What the task asks =>
Line by line, give the data again exactly as it appears, but without pictures.

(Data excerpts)

Start of Block

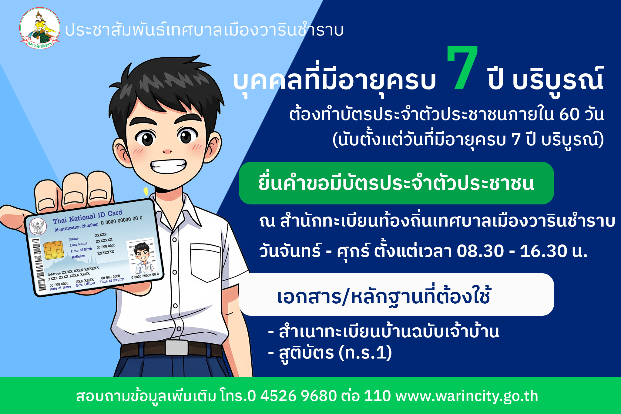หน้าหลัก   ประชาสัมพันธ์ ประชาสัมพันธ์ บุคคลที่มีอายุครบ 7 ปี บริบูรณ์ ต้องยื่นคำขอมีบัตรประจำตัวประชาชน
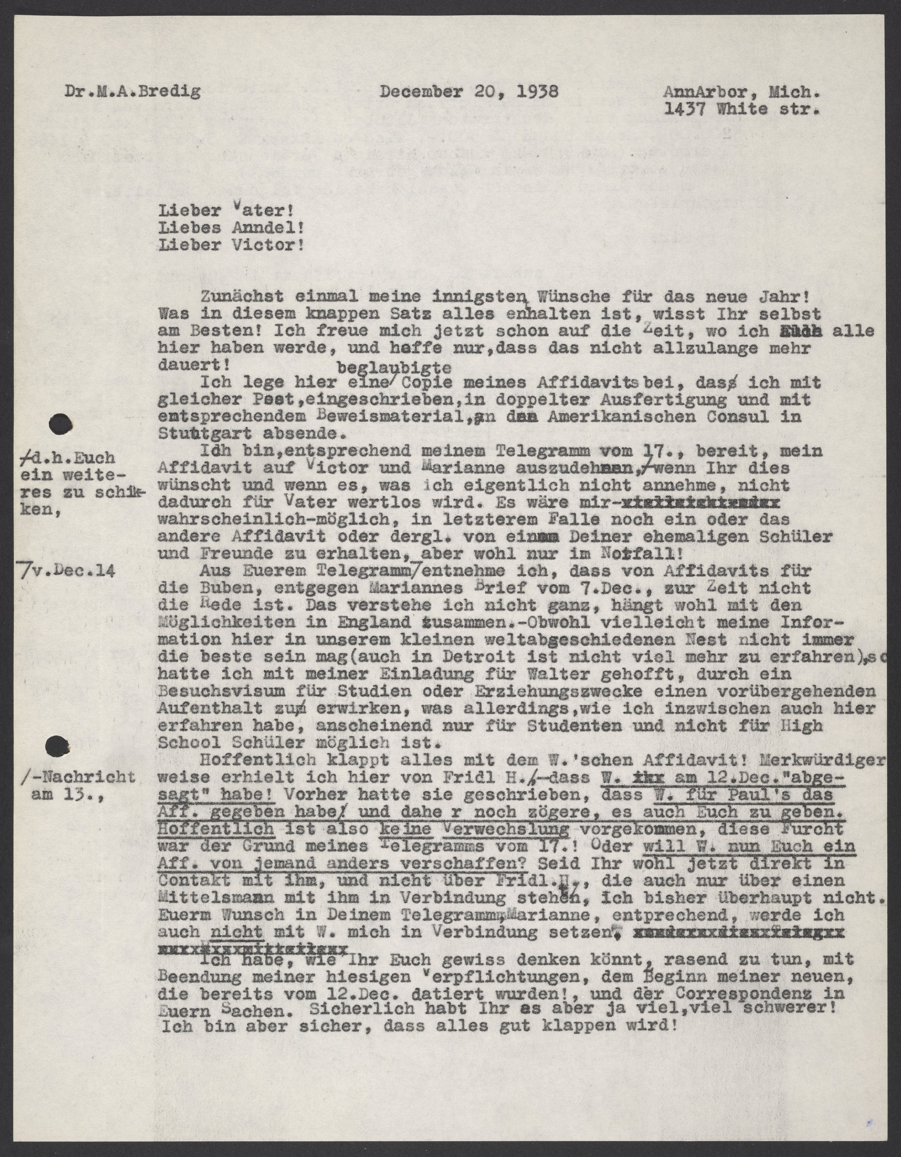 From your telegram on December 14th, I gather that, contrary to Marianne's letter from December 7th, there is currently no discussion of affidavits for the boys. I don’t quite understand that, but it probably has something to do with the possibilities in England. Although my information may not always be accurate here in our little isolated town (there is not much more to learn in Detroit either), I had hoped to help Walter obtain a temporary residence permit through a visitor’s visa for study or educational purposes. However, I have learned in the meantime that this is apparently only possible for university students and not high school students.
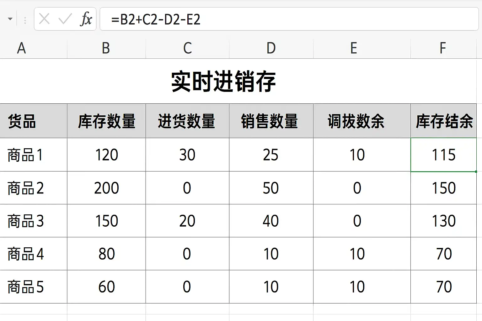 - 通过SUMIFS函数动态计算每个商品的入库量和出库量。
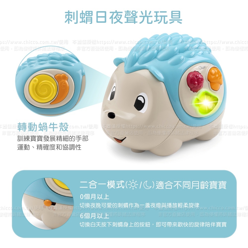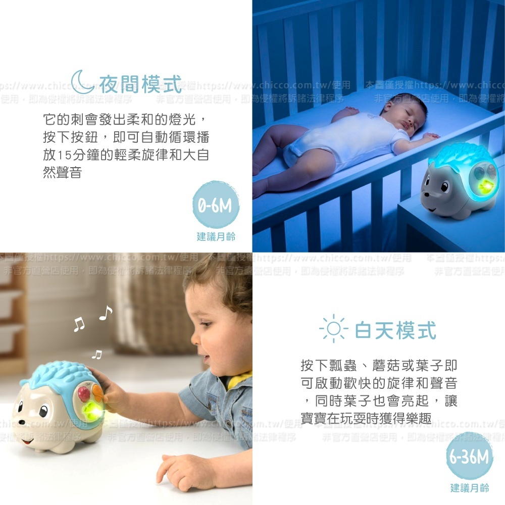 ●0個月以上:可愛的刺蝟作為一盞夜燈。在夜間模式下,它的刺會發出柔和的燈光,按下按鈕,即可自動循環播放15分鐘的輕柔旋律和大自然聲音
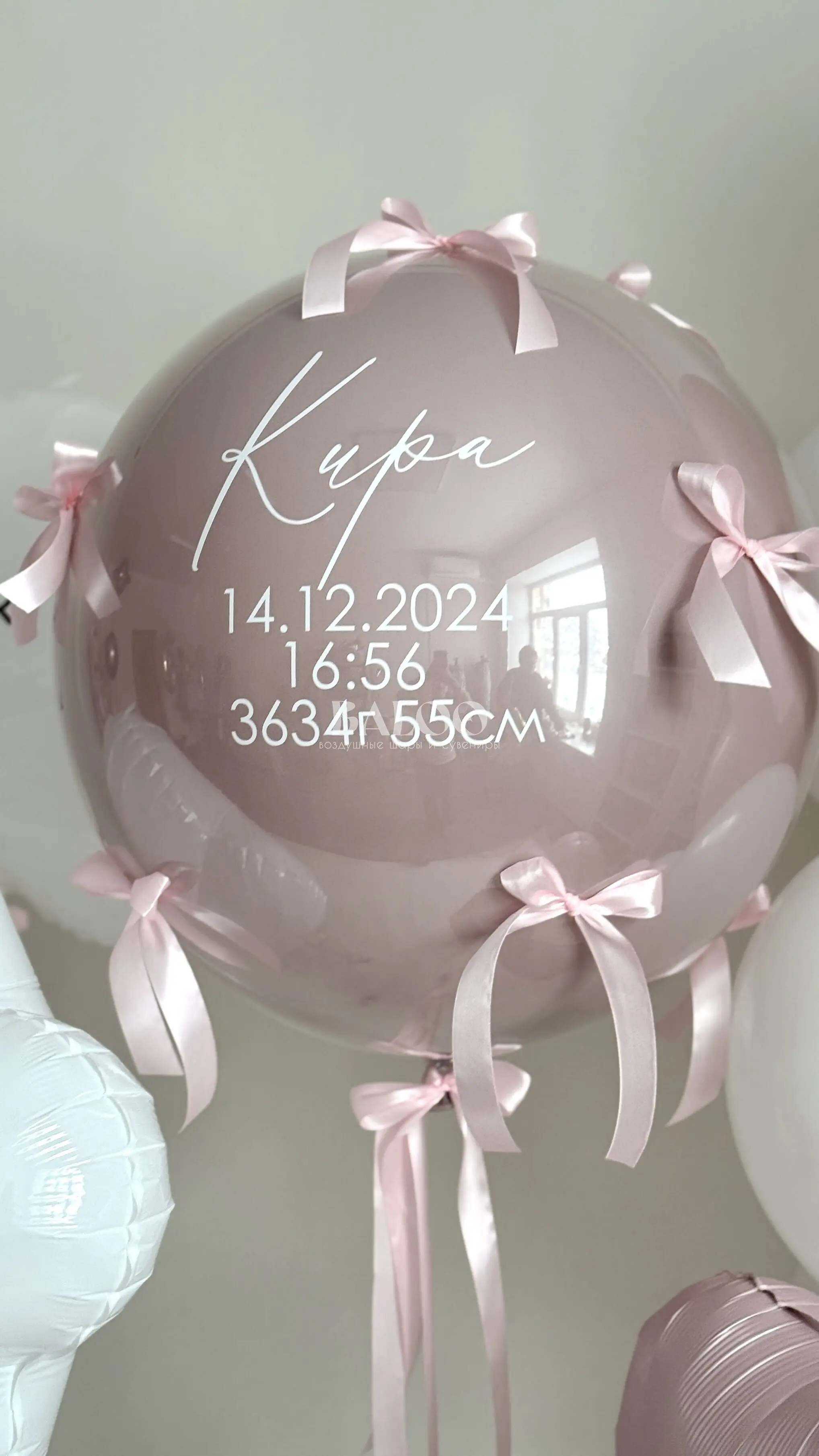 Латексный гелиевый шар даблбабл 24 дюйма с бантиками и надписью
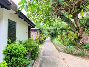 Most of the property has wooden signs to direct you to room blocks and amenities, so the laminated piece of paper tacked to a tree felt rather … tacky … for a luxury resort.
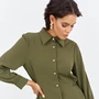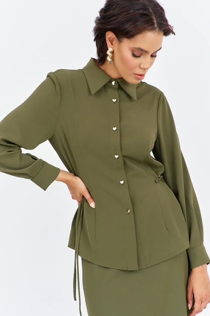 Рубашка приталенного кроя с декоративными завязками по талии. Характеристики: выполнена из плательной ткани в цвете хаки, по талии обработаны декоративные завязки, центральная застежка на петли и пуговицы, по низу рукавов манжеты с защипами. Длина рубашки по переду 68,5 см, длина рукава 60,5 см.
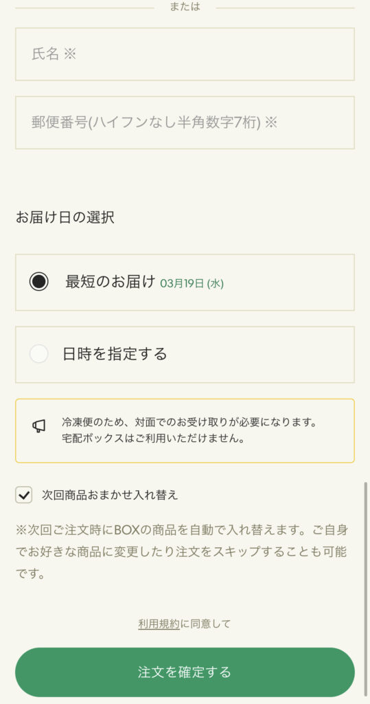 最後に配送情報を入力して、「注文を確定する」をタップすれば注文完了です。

End of Block

Answer section =>
หน้าหลัก   ประชาสัมพันธ์ ประชาสัมพันธ์ บุคคลที่มีอายุครบ 7 ปี บริบูรณ์ ต้องยื่นคำขอมีบัตรประจำตัวประชาชน
 From your telegram on December 14th, I gather that, contrary to Marianne's letter from December 7th, there is currently no discussion of affidavits for the boys. I don’t quite understand that, but it probably has something to do with the possibilities in England. Although my information may not always be accurate here in our little isolated town (there is not much more to learn in Detroit either), I had hoped to help Walter obtain a temporary residence permit through a visitor’s visa for study or educational purposes. However, I have learned in the meantime that this is apparently only possible for university students and not high school students.
 - 通过SUMIFS函数动态计算每个商品的入库量和出库量。
 ●0個月以上:可愛的刺蝟作為一盞夜燈。在夜間模式下,它的刺會發出柔和的燈光,按下按鈕,即可自動循環播放15分鐘的輕柔旋律和大自然聲音
 Латексный гелиевый шар даблбабл 24 дюйма с бантиками и надписью
 Most of the property has wooden signs to direct you to room blocks and amenities, so the laminated piece of paper tacked to a tree felt rather … tacky … for a luxury resort.
 Рубашка приталенного кроя с декоративными завязками по талии. Характеристики: выполнена из плательной ткани в цвете хаки, по талии обработаны декоративные завязки, центральная застежка на петли и пуговицы, по низу рукавов манжеты с защипами. Длина рубашки по переду 68,5 см, длина рукава 60,5 см.
 最後に配送情報を入力して、「注文を確定する」をタップすれば注文完了です。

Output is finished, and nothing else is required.